Michael is too immersed in his own experience, Dwight is not immersed enough; Michael is too immanent and Dwight too transcendent. Dwight seems to have a kind of dissociated distance from others, from his world, and from the people around him. Michael is the opposite in many ways, as he is wholly immersed in a solipsistic fictional world he has constructed in which he is the primary character. Dwight is too finite, Michael too finite? I don’t know if that’s true, actually. Maybe both of them are in the same situation of being too finite. I’ll have to think more about that. Either way, both are inauthentic, in a mode of bad faith: they embracing one side of existence while rejecting another.
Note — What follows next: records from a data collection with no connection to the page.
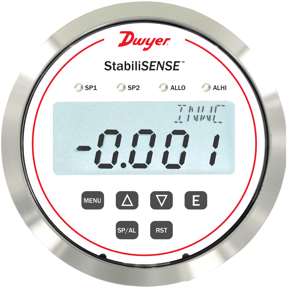 The Dwyer Series RPMC StabilSENSE Pressure Monitor is designed for critical low differential pressure applications that require stringent pressure monitoring and alarming. The Series RPMC can be configured to monitor positive or negative pressure in protected environments and clean manufacturing areas. The RPMC is a complete system which enables access to pressure, security, calibration, and alarm setup. The RPMC StabiliSENSE critical room pressure monitor has a brushed stainless steel bezel that allows for easy cleaning.
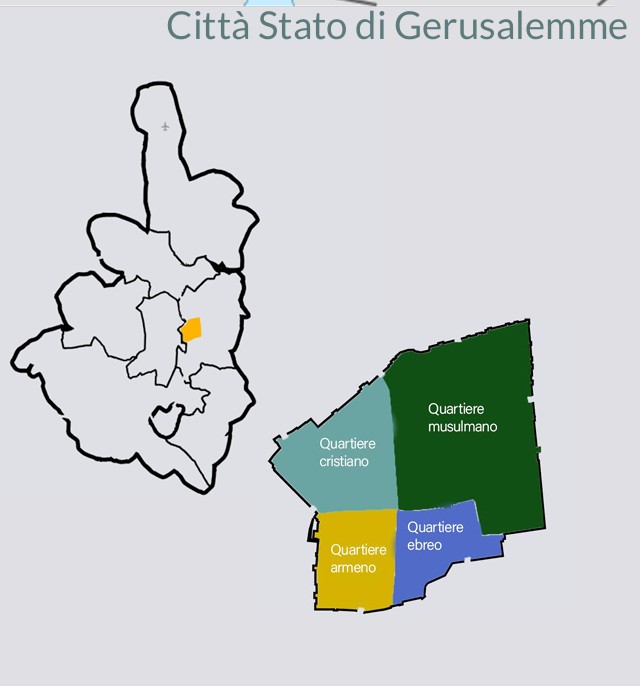 Lo Stato di Gerusalemme controlla il Mar Morto.1. Quartiere Musulmano: L'area più grande con il complesso della moschea di Al-Aqsa.
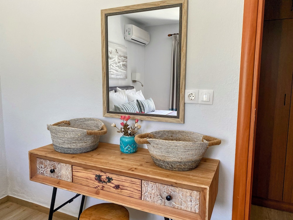 Great location between 2 beaches. Bus stop 15 close by. Great tavernas locally. ATM out side. Modern comfortable facilities. Excellent breakfast. Great hosts. Nothing to dislike.
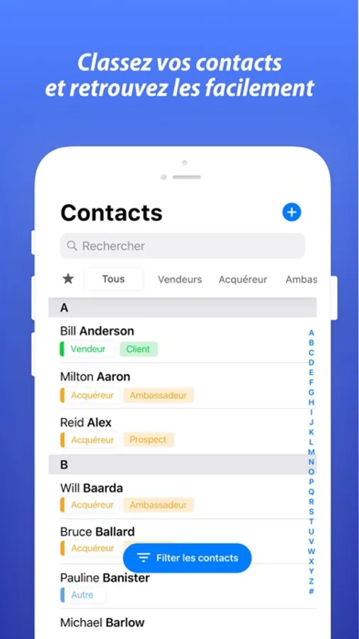Notre système de classement des contacts vous permet de les retrouver en quelques secondes.
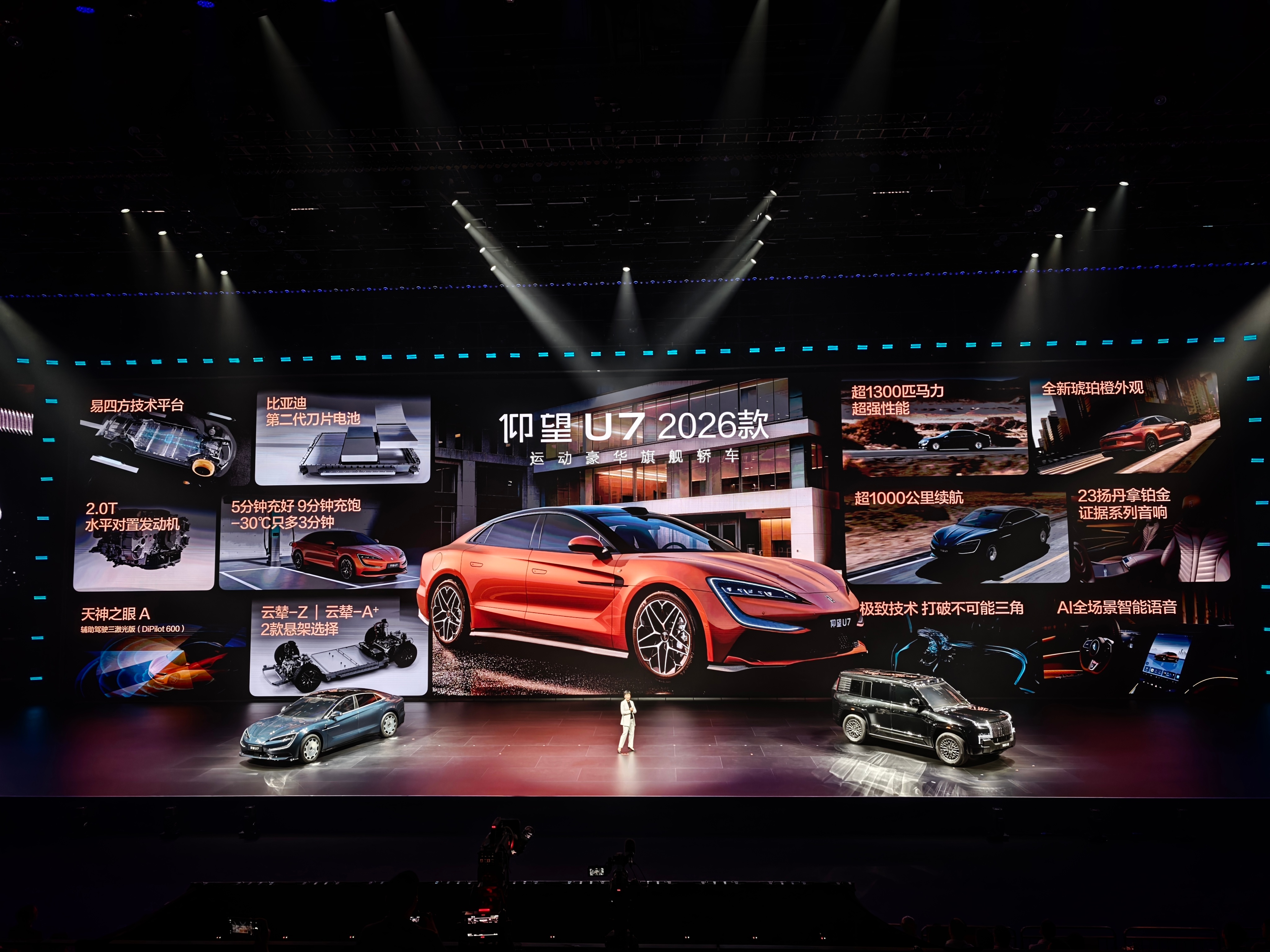 2026款仰望U7还有2.0T水平对置发动机,易四方,天神之眼A,一年免费充电没有限制价格65.8万起。比亚迪第二代刀片电池
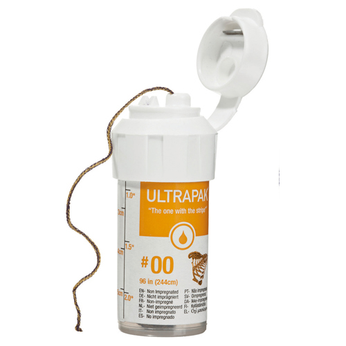 Ultrapak viene tessuto in modo da formare una maglia concatenata, costituita da migliaia di piccole anse che rendono agevole la zeppatura sotto il margine gengivale.

Inauthentic people – and by that, I mean people in general, because none of us are wholly authentic – use elaborate schemes to portray themselves in certain ways and ignore others. In The Office, these schemes are almost as obvious, hilarious, and pathetic as they are in the real world — the writers just point out how funny and cringey they are, usually through the lens of Jim or Pam. The writers of The Office express a perhaps unconscious understanding of the imperative for authenticity — just as Sartre urges us to reject our bad faith and recognize our freedom to escape any factical situation (which Dwight has difficulty understanding), and as Kierkegaard exhorts us to strike a balance between infinity and finitude (which Michael has difficult understanding). This is the existential wisdom of the show.

“The biggest danger, that of losing oneself, can pass off in the world as quietly as if it were nothing; every other loss, an arm, a leg, five dollars, a wife, etc. is bound to be noticed.”

Kierkegaard, The Sickness Unto Death

And with that unnecessary overanalysis, back to The Office.